Mass gap for photons

Question

I am puzzled by the answers to the question:

What is a mass gap?

There, Ron Maimon's answer gives a clear-cut definition, which I suppose applies to any quantum field theory with Hamiltonian $H$, that the theory has a mass gap if there is a positive constant $A$ such that $$\langle \psi| H |\psi \rangle\geq \langle 0 |H | 0 \rangle +A$$ for all nonzero (normalized) $\psi$.

But then, Arnold Neumaier says

QED has no mass gap, as observable photons are massless states.

I would quite appreciate a brief explanation of this statement. The definition is concerned with the minimum possible energy for non-zero states. So I don't see why the photons having zero mass would imply the absence of a mass gap.

Answer 1

Because you can prepare a state with an arbitrarily long wavelength, hence arbitrarily low energy, photon. That's essentially the definition of a massless particle. If you put in an IR regulator, by putting the system in a box for example, a gap appears since there is now a largest possible wavelength. This can be mimicked by giving the photon a small mass. However, in the limit where the IR regulator disappears so goes the mass gap and photon mass.

Answer 2

The point is that if you have particles of zero mass, there are states with an arbitrary positive mass. The reason is that n-particle states made up of particles with momentum $p_1,...,p_n$ the total momentum is $p=p_1+...+p_n$, which is a state of positive mass $m=\sqrt{p^2}$. If all of the $p_k$ come from a photon, it is a simple mathematical exercise to see that $m$ can take any positive value. Thus the mass spectrum has no gap.

Answer 3

This is purely a terminology issue. In relativistic quantum field theory, mass is considered to be a form of energy (by $E = m c^2$). In nonrelativistic quantum mechanics, one should indeed talk about the "energy gap," not the mass gap. People still sometime call it a "mass gap" by analogy with the relativistic case, but this is just a slightly sloppy word choice.

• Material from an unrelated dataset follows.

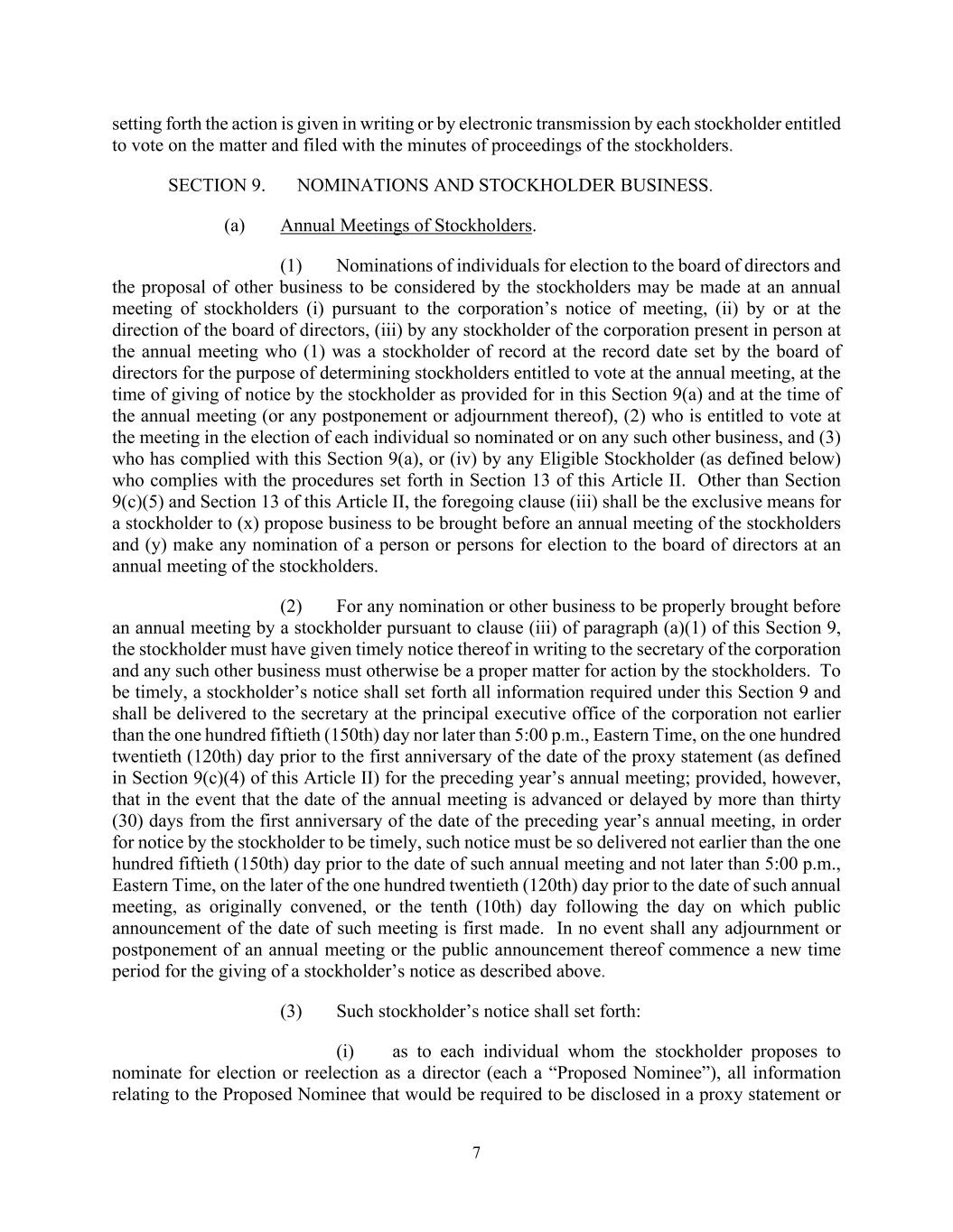 7 setting forth the action is given in writing or by electronic transmission by each stockholder entitled to vote on the matter and filed with the minutes of proceedings of the stockholders. SECTION 9. NOMINATIONS AND STOCKHOLDER BUSINESS. (a) Annual Meetings of Stockholders. (1) Nominations of individuals for election to the board of directors and the proposal of other business to be considered by the stockholders may be made at an annual meeting of stockholders (i) pursuant to the corporation’s notice of meeting, (ii) by or at the direction of the board of directors, (iii) by any stockholder of the corporation present in person at the annual meeting who (1) was a stockholder of record at the record date set by the board of directors for the purpose of determining stockholders entitled to vote at the annual meeting, at the time of giving of notice by the stockholder as provided for in this Section 9(a) and at the time of the annual meeting (or any postponement or adjournment thereof), (2) who is entitled to vote at the meeting in the election of each individual so nominated or on any such other business, and (3) who has complied with this Section 9(a), or (iv) by any Eligible Stockholder (as defined below) who complies with the procedures set forth in Section 13 of this Article II. Other than Section 9(c)(5) and Section 13 of this Article II, the foregoing clause (iii) shall be the exclusive means for a stockholder to (x) propose business to be brought before an annual meeting of the stockholders and (y) make any nomination of a person or persons for election to the board of directors at an annual meeting of the stockholders. (2) For any nomination or other business to be properly brought before an annual meeting by a stockholder pursuant to clause (iii) of paragraph (a)(1) of this Section 9, the stockholder must have given timely notice thereof in writing to the secretary of the corporation and any such other business must otherwise be a proper matter for action by the stockholders. To be timely, a stockholder’s notice shall set forth all information required under this Section 9 and shall be delivered to the secretary at the principal executive office of the corporation not earlier than the one hundred fiftieth (150th) day nor later than 5:00 p.m., Eastern Time, on the one hundred twentieth (120th) day prior to the first anniversary of the date of the proxy statement (as defined in Section 9(c)(4) of this Article II) for the preceding year’s annual meeting; provided, however, that in the event that the date of the annual meeting is advanced or delayed by more than thirty (30) days from the first anniversary of the date of the preceding year’s annual meeting, in order for notice by the stockholder to be timely, such notice must be so delivered not earlier than the one hundred fiftieth (150th) day prior to the date of such annual meeting and not later than 5:00 p.m., Eastern Time, on the later of the one hundred twentieth (120th) day prior to the date of such annual meeting, as originally convened, or the tenth (10th) day following the day on which public announcement of the date of such meeting is first made. In no event shall any adjournment or postponement of an annual meeting or the public announcement thereof commence a new time period for the giving of a stockholder’s notice as described above. (3) Such stockholder’s notice shall set forth: (i) as to each individual whom the stockholder proposes to nominate for election or reelection as a director (each a “Proposed Nominee”), all information relating to the Proposed Nominee that would be required to be disclosed in a proxy statement or

A few other stray comments:

• As jjcale points out, your "for all nonzero (normalized) $| \psi \rangle$" should be "for all normalized states $| \psi \rangle$ orthogonal to the ground state $| 0 \rangle$." Despite the potentially misleading notation, the ground state $| 0 \rangle$ is not the zero vector, which is usually denoted 0 to avoid confusion even though it's a ket.
• When deciding whether a theory is massive or massless, one usually (though not always) considers the theory defined on (infinite) Minkowski space - because as you say, when defined on a spatially compact spacetime any theory is trivially gapped, with a minimum energy on the order of $\hbar c / R$ (where $R$ is the radius of the universe).
• Whether or not our universe is spatially finite or infinite is a completely open observational question. Observationally, it appears to be extreme close to being perfectly flat - right on the border between having a gigantic radius and an infinite radius. The observable universe is certainly finite in radius, but homogeneity of the large-scale metric suggests that the universe extends far, far beyond the observable horizon ("horizon" in the colloquial sense, not the general relativity sense).
• Even if the real universe does turn out to be spatially finite, the resulting mass gap would be so tiny that the photon would still be massless for all intents and purposes - its "mass" would be dozens of orders of magnitude below the mass of every other elementary particle.